With due respect to Mr. Magoo and Emperor Palpatine, nothing derails a movie like a clueless, unfiltered old fogy, who is flying 30,000 feet over his head and calling the shots, and we all know who I'm talking about.
The Yankees, of course.
With their "mature" lineup - "mature" meaning "aging" - the '25-26, same-as-last-year Yankees are a boring, bumbling team that needs 10 walks per game to score runs. When they lose, as they did last night, they are particularly dreadful to watch. They are Saturday Night Live hosted by Elon Musk. Basically, you have Aaron Judge, a few anecdotes by David Cone and the NAME THAT YANKEE trivia question. After that - well - Ben Rice might turn out to be something. And Giancarlo always entertains, until he gets hurt. The bullpen cannot hold leads, and the starting rotation will only get older.

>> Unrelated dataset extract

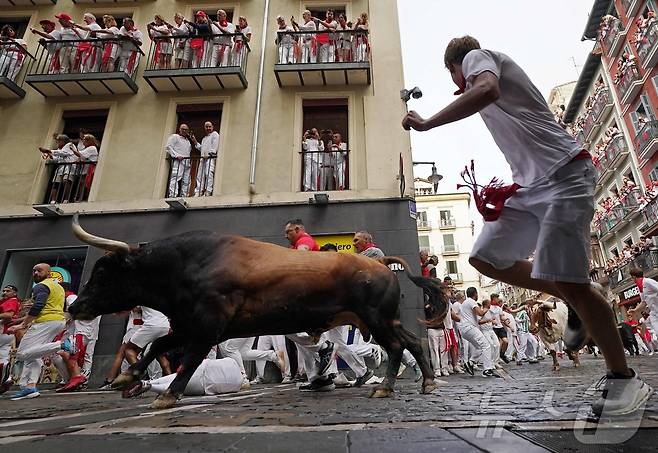 (팜플로나 AFP=뉴스1) 권영미 기자 = 7일(현지시간) 스페인 북부 팜플로나에서 열린 산 페르민 축제의 첫 번째 행사인 ‘엔시에로(황소와 달리기)’에서 참가자들이 황소와 함께 달리고 있다. 2025.07.07.

But but BUT... we are in first.
How can sit here, farting into my back-breaker office chair, and denigrate a FIRST PLACE team? Am I that spoiled, that out of touch with the realities of baseball? If they're so old, so listless, why are the Yankees in first?
I say, it's A.L. Slop.
Yes, Artificial Lousiness.
Particularly, let's celebrate the once-mighty AL East, a division that was supposed to rule baseball, which - for now, anyway - is a collection of cupcakes and canned tomatoes.
For example, did you happen to see the throw by Boston's future superstar, Roman Anthony, the other night? He snagged a one-hop single to left field and fired a cannon shot home, with a solid chance to nab a runner. The ball bounced about 30 feet from the plate plate, halfway up the 3B line. It was beautiful. It was magic. It had the makings of a Little League HR. The Martian, lost in Scranton, would be hard-pressed to match it.

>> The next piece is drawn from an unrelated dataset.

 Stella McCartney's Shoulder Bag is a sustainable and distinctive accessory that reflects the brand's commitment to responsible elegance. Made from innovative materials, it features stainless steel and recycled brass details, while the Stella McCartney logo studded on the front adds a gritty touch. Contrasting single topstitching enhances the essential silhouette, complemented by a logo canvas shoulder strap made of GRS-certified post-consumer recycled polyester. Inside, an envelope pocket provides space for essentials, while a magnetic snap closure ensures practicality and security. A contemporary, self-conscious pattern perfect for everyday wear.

The line on Anthony, according to my Redsock fan sources, is that he spent the winter in the weight room, bulking up so he could wow the coeds over a full MLB season. (He got hurt last year and missed the playoffs.)
Listen, Anthony is scary. He could be great, a future Yankee killer. But maybe, just maybe, that MVP trophy that the Gammonites bestowed upon him over the winter - could it be premature? He wouldn't be the first great prospect to weight-lift his way into mediocrity.
So, here's my personal vendetta list of cold-ass starts.
Of course, it's wayyyy to early to assign meaning to these numbers. (And Jose Caballero, Jazz Chisholm, Trent Grisham and Ryan McMahon - the ballplayer, not the Onondaga County Executive - would all crack this list.) But the Yankees, for all their knock-kneed problems, have one thing going for them.
A.L. Slop. Welcome to the new world.
5 comments:
It’s all fun and games until we lose a few too many of them.
Then it’s….
Pinstripe Purgatory.
We all know that this team is not built to Weathers the coming storm.
Camilo Doval...Camilo Doval...if he doesn't scare you, then you must like Pal.
(Cruella, we salute you.)
Great post by Hoss, again. I can't believe we lost last night, even if it was this morning here. But today is a day game, right? So I get to watch it this evening and enjoy the idiocy that is Boone, along with the incompetence that is half our lineup.
The Master would say wait until 20 games into the season...that aside, Bednar is dreadful...
Nobody is going to be another Mariano, but this shit...
Meanwhile, as Hoss points out, Williams and Weaver and Holmes are doing great for the Mets. We didn't need any of them, because Genius.